Piangeva e si guardava attorno. Si rivedeva in ogni angolo di quella casa che era stata un luogo incantato, un giorno, tanto tempo prima. Ricordava la felicità che provava ogni volta che lui le diceva al telefono “Prendi un permesso e vieni a casa presto stasera. Ti aspetto”, il fremito che la percorreva tutta mentre, durante il tragitto, assaporava il piacere che avrebbe provato di lì a poco, quando lui l’avrebbe spogliata, già sulla porta, per la voglia di toccarla, e di sentirla sua.

Non riusciva a credere che fosse ancora la stessa persona quella che ora, sulla soglia della stessa porta, a distanza di qualche anno, la accoglieva con un pugno in piena faccia perché sospettava che il ritardo fosse dovuto ad un tradimento, o forse solo perché riteneva che “ritardo” volesse dire venire meno ai patti, alle regole, alle sue regole.

RACCONTO 2.3

Si asciugò le lacrime, si accese una sigaretta e si avvicinò alla finestra.

Guardava nel vuoto, assorta nei suoi pensieri e soltanto dopo un po’ il mondo, là fuori cominciò a manifestarsi.

I lampioni, con il capo rivolto all’ingiù, lanciavano verso il basso un cono di luce giallastra ed illuminavano, poco alla volta immagini, forme, di cose, di persone. Uscivano da buio, come se si materializzassero in quel momento.

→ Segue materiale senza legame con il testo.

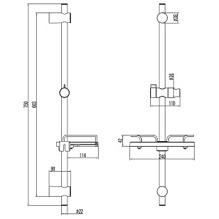 Штанга для душа с мыльницей и держателем 68 см хром Wasserkraft A006
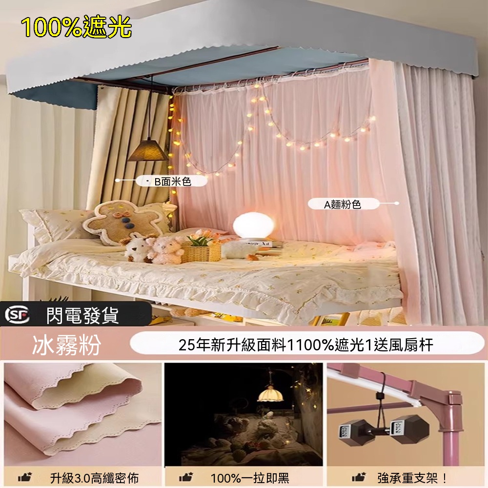 免打孔導軌蚊帳 伸縮U型蚊帳 上下舖床簾 遮光床簾 宿舍床簾 隱私窗簾 床鋪窗簾 上下舖窗簾(加高防塵頂/可調節高度)
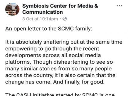 सिंबायाेसिस सेंटर फाॅर मिडीया अॅन्ड कम्युनिकेशन विभागातील अाजी व माजी विद्यार्थिनींनी साेशल मिडीयावर लिहीत सिंबायाेसिसमध्ये लैंगिक अत्याचार झाल्याचे म्हंटले अाहे.

Un ragazzo, avvolto da una felpa con il cappuccio in testa, camminava lungo il marciapiede di fronte alla sua abitazione. Camminava e guardava il cellulare, come fanno in molti ormai. Nell’altra mano teneva al guinzaglio un cagnolino che trotterellava dietro di lui e che ogni due metri si fermava a regalare un po’ della sua pipì al muretto dei giardini pubblici.

Un’auto, parcheggiata più o meno nello stesso punto dov’erano apparsi il ragazzo e il cane, prese vita quando si accesero i fari. All’interno una donna con i capelli biondi che le arrivano appena sulle spalle si voltò verso la strada nel momento stesso in cui si animò il lampeggiatore di sinistra. Stava per partire e si accertava che non arrivasse nessuno. Si era voltata verso la strada, ma prima di avviarsi guardò verso la palazzina di fronte, quella in cui abitava Anna. Non partì subito. Spostò lo sguardo in alto e si fermò a fissare una donna affacciata alla finestra del secondo piano che guardava giù.

Forse si stava facendo delle domande sulle persone che abitavano in quell’appartamento, sulla loro vita, forse si chiedeva se erano felici.

Avranno avuto la stessa età. Erano bionde tutte e due. E si guardavano.

Vai, torna a casa, sbrigati, non perdere tempo, farai tardi!” avrebbe voluto gridare Anna “Oppure scappa, salvati!”